From the records below, print only the part that opens with the line containing "To celebrate the" and closes with the line containing "직접 등록하기 말고 동의한"; omit the pictures.
*** Opening Data provided ***
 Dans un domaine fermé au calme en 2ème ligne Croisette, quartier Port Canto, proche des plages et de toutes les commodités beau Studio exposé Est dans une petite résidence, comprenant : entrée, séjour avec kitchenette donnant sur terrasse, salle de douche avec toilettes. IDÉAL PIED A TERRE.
*** Closing Data provided ***
*** Opening Data provided ***
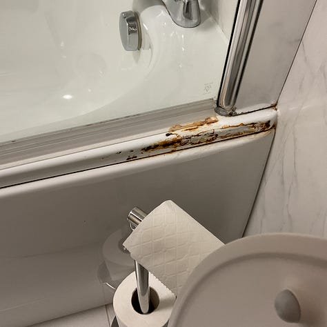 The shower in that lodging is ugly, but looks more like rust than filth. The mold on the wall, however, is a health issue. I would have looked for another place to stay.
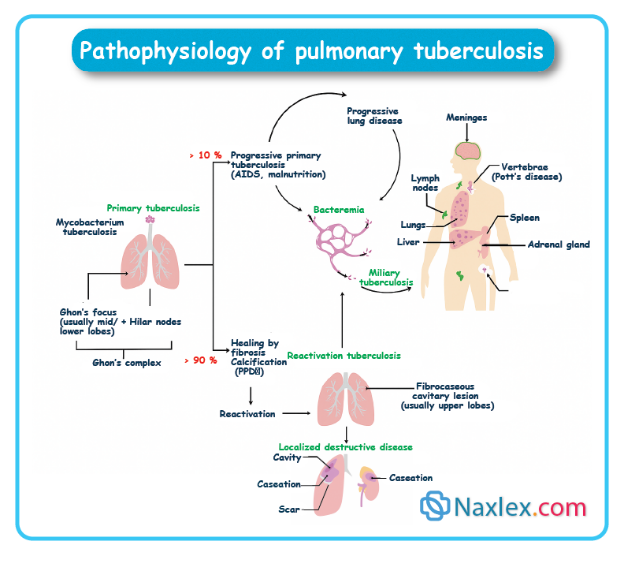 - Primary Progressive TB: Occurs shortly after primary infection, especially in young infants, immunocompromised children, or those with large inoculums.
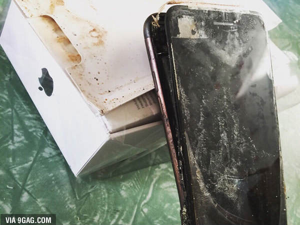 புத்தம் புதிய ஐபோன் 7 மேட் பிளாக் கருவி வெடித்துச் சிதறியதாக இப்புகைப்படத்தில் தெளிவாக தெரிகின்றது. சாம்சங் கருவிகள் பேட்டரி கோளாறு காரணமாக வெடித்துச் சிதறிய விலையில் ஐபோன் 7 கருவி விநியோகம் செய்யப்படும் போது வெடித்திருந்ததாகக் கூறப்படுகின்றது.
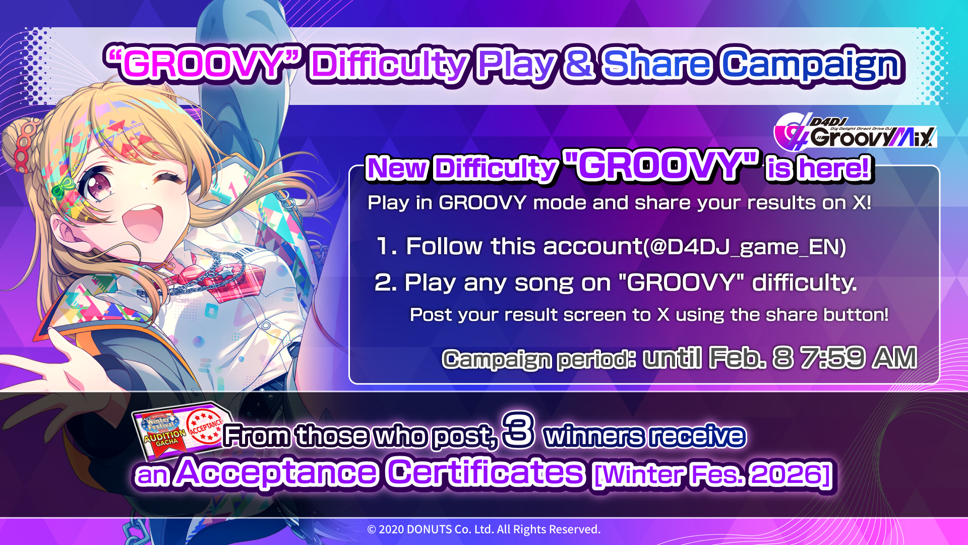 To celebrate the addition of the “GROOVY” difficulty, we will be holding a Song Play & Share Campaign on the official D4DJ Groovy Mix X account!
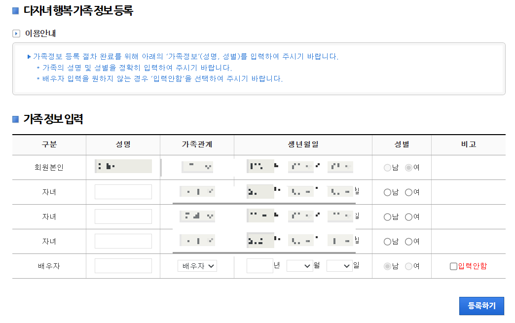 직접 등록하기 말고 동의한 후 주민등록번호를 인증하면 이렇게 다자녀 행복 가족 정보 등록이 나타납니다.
*** Closing Data provided ***
*** Opening Data provided ***
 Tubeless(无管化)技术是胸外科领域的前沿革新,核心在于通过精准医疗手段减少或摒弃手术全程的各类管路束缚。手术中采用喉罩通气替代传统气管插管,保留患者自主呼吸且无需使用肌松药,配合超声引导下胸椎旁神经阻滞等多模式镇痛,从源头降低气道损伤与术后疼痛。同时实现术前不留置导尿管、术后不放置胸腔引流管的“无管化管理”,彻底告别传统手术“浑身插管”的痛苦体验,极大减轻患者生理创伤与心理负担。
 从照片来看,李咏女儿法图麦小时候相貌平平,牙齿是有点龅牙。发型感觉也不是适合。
*** Closing Data provided ***
* Task result
 To celebrate the addition of the “GROOVY” difficulty, we will be holding a Song Play & Share Campaign on the official D4DJ Groovy Mix X account!
 직접 등록하기 말고 동의한 후 주민등록번호를 인증하면 이렇게 다자녀 행복 가족 정보 등록이 나타납니다.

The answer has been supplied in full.